Le
gouvernement fait sa rentrée avec des ministres bronzés et euphoriques dans un
exercice prévisionnel inédit et à fort relent de communication. Si « Gouverner
c’est prévoir », on ne peut que féliciter le pouvoir de se pencher sur l’avenir
de notre pays. Malheureusement on ne peut qu’être très dubitatif sur la
réalisation à 12 ans des pensées euphoriques des ministres qui ont eu à rédiger
un devoir de vacances sans qu’ils puissent s’appuyer sur un véritable travail
préparatoire qui aurait dû être commencé depuis le début du quinquennat.
Pour
s’en convaincre il n’est que de se demander ce qu’aurait pu prévoir le pouvoir
en 2001, année charnière entre le lancement de l’euro et son arrivée dans notre
porte-monnaie. On commençait une période doucement euphorique qui a duré deux
ans. Dès 2004 l’euphorie économique de l’euro se ternissait et nos exportations
aussi. Puis ce fut 2007-2009 avec la crise et les remèdes de cheval pour sauver
les meubles. Que resterait-t-il aujourd’hui de prévisions euphoriques qui
auraient été faites en 2001 ? Rien. Le pays s’est endetté, les prestations
sociales sont en déficit, la croissance est en berne et les impôts en hausse.
Les statisticiens
savent ce que valent les prévisions en avenir aléatoire. En effet nous ne
sommes pas dans une économie fermée ou le commissaire au plan lançait des plans
quinquennaux dont il pouvait prétendre maîtriser tous les paramètres sauf
peut-être climatiques. Ces dernières ont causé bien des déboires à l’URSS. Dans
une économie mondialisée nous ne maîtrisons pratiquement aucun des paramètres
économiques extérieurs comme la crise de 2008 nous l’a récemment rappelé. Il
faut donc faire des prévisions dans une fourchette large d’hypothèses minimales
et maximales sur l’impact socio-économique extérieur.
La
trajectoire à définir pour le pays dans les différents secteurs
socio-économiques ne peut qu’être définie par celle à moindre risque et non par
la plus favorable. Définir par exemple ce que seront les infrastructures du
pays dans 12 ans, c’est tenir compte des investissements possibles durant cette
période autant que de définir les priorités entre le rail, la route, la voie
aérienne ou les moyens électroniques de communication.

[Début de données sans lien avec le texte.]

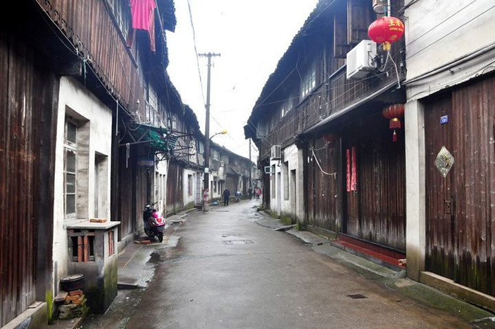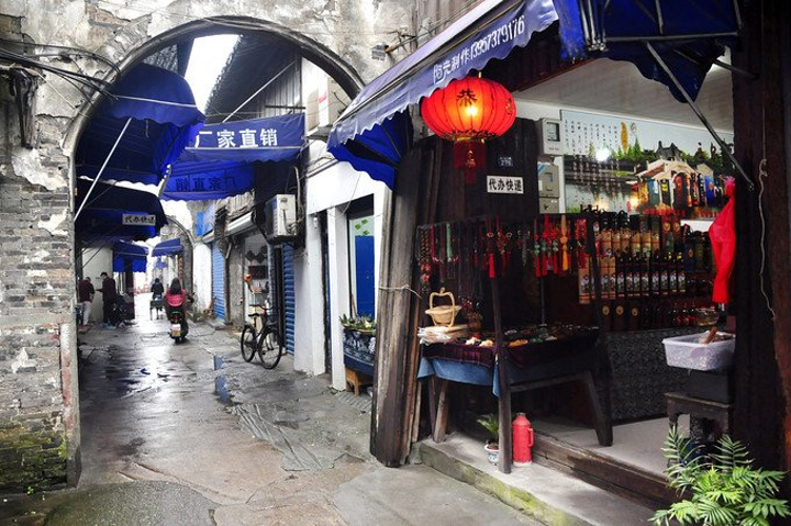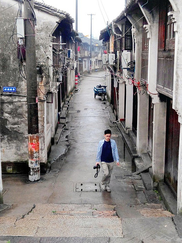 拐进弄巷里一条通向镇区上新华南路的小径,准备前往东栅景区~

Le moindre risque ce
sera de définir une stratégie qui puisse se réaliser même dans les conditions
prises comme les plus défavorables.
Dans
les grandes industries, aéronautiques, automobiles et nucléaires par exemple,
la prévision à 5 et 10 ans est couramment pratiquée car elle est vitale ne
serait-ce que par les délais de mise en œuvre des fabrications mais les
résultats ne sont pourtant jamais en concordance avec les prévisions. Il faut
prévoir bien à l’avance le combustible de demain pour les fusées, l’énergie
motrice pour les automobiles et les réacteurs de demain pour le nucléaire.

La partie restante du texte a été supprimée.